How to scale volumes of postgres leader?

I’m trying to scale the volumes associated with a Fly-managed postgres. I followed the instructions in this community post to scale up the replicas: PostgreSQL HA - #2 by kurt

This seems to work with replicas, but attempting these steps with the leader, (create volume, scale up, remove leader volume, scale down) the leader vm doesn’t get removed when scaling down, it instead removes the newly-created replica, and leaves the leader with no volume associated with it. I was able to get it working by restarting postgres, but that resulted in downtime.
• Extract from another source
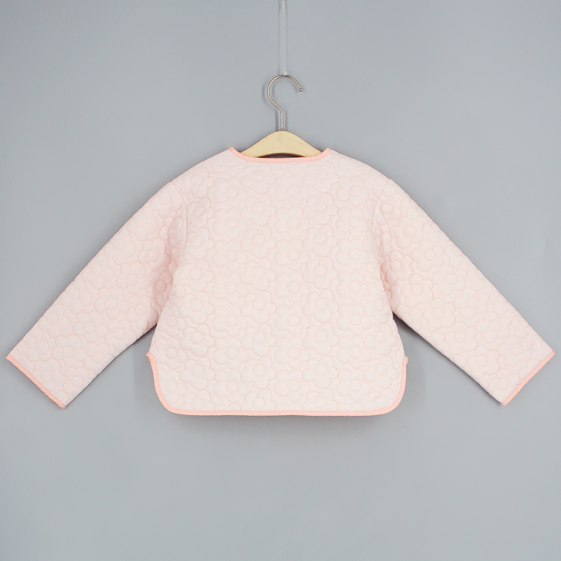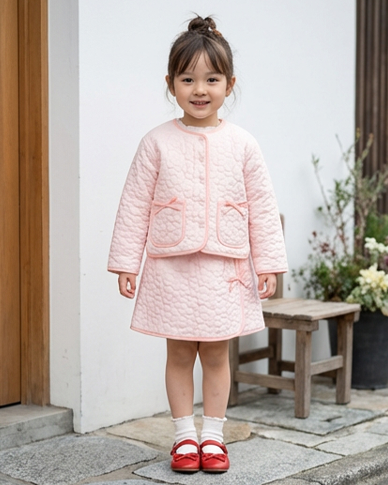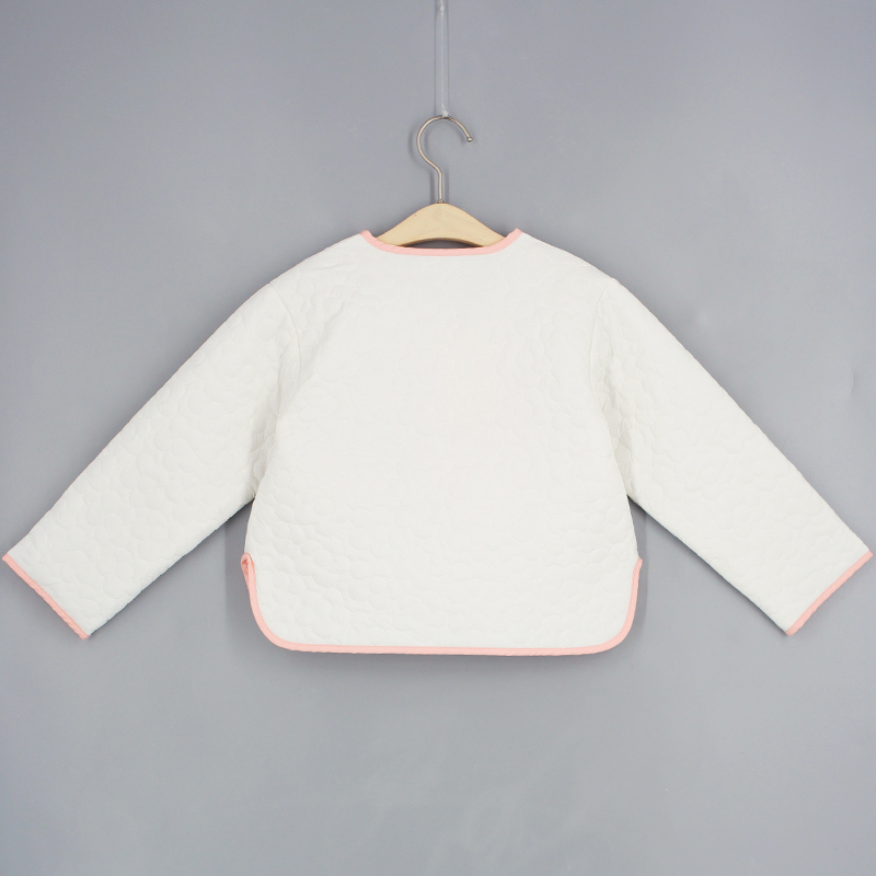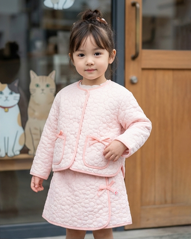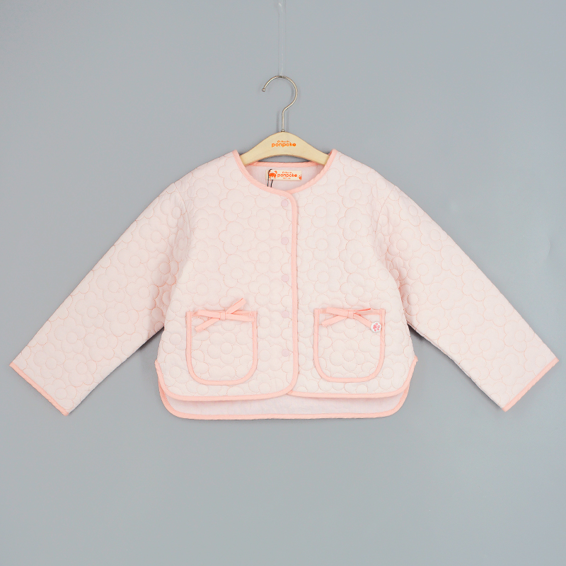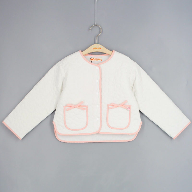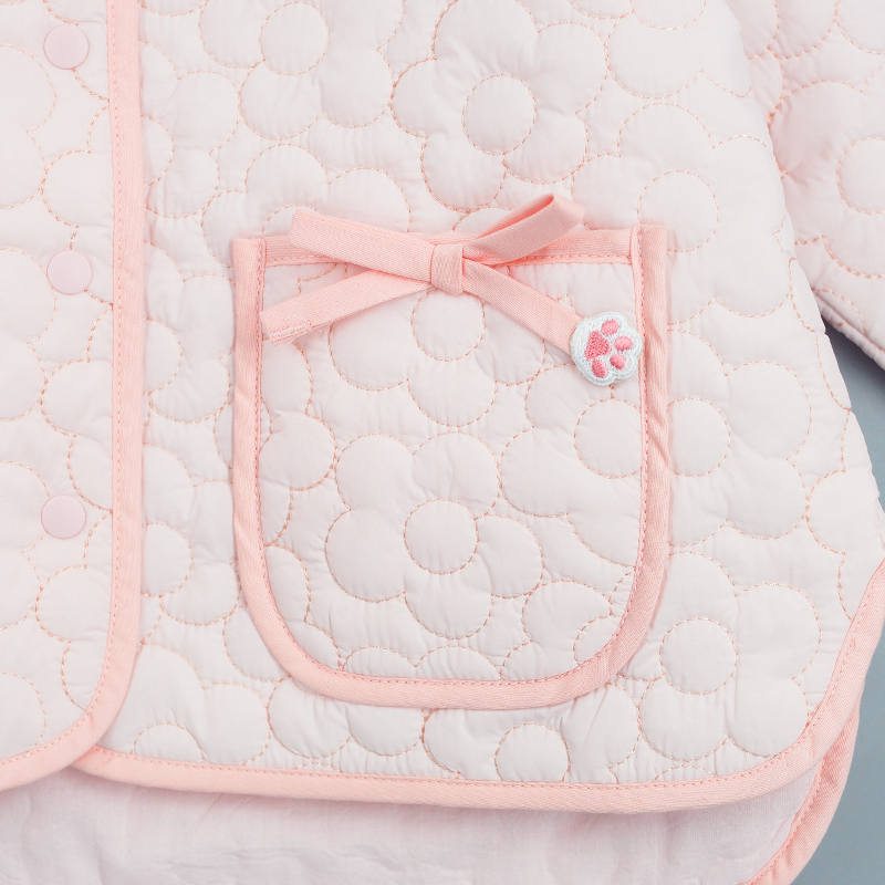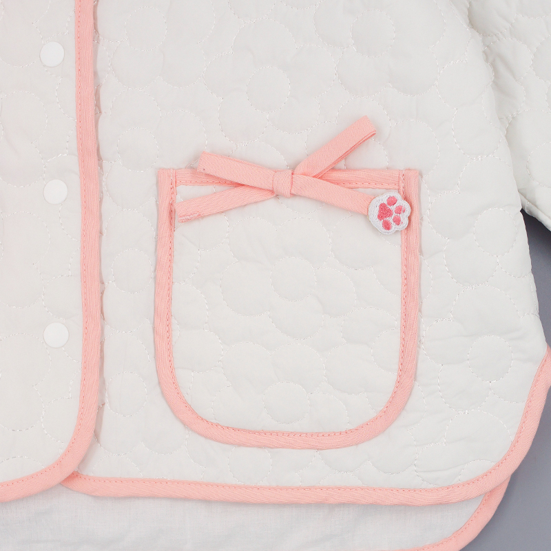 圓領, 間棉設計, 前中鈕扣開合, 兩側口袋, 蝴蝶結, 貓咪腳印裝飾, 撞色包邊, 花花圖案間棉布, 前短後長衫腳

What is the intended way to scale the volumes associated with the postgres leader?

2 Likes

There are some race conditions in volume removal and scaling that we need to work through. But it will probably work better to do this:

  1. create new volume
  2. delete old replica volume
  3. wait a few minutes
  4. fly vm stop <replica id>

Once the new replica shows healthy, you can repeat the same process for the leader. fly vm stop <leader id> will gracefully step the leader down with minimal downtime.

Thanks @kurt!
But I’m still struggling with the warnings raised in PostgreSQL HA

I’d appreciate some help here :bowing_man: :hugs:

@kurt That workflow appears to work better, although the downtime doesn’t seems super great when it happens. My app is seeing ~1 minute of downtime when transitioning. Not sure if that’s expected or not. It could also be something to do with the configuration on my end?

Yeah that’s poor. I just realized it’s probably the result of an IP address in <db-name>.internal going away. Some drivers accept a connection string with multiple addresses and will happily reconnect, but we haven’t been able to find a consistent way to expose that yet.

What app runtime / postgres driver are you using? We can probably get you a config that helps with this.

I’ve been testing with Prisma, which takes connection URLs: PostgreSQL database connector (Reference) | Prisma Docs

Hmm that might work with the multi host URL format, assuming they really did implement libpq. Give us some time to try and improve this, if you find yourself needing to resize again soon we can do it for you.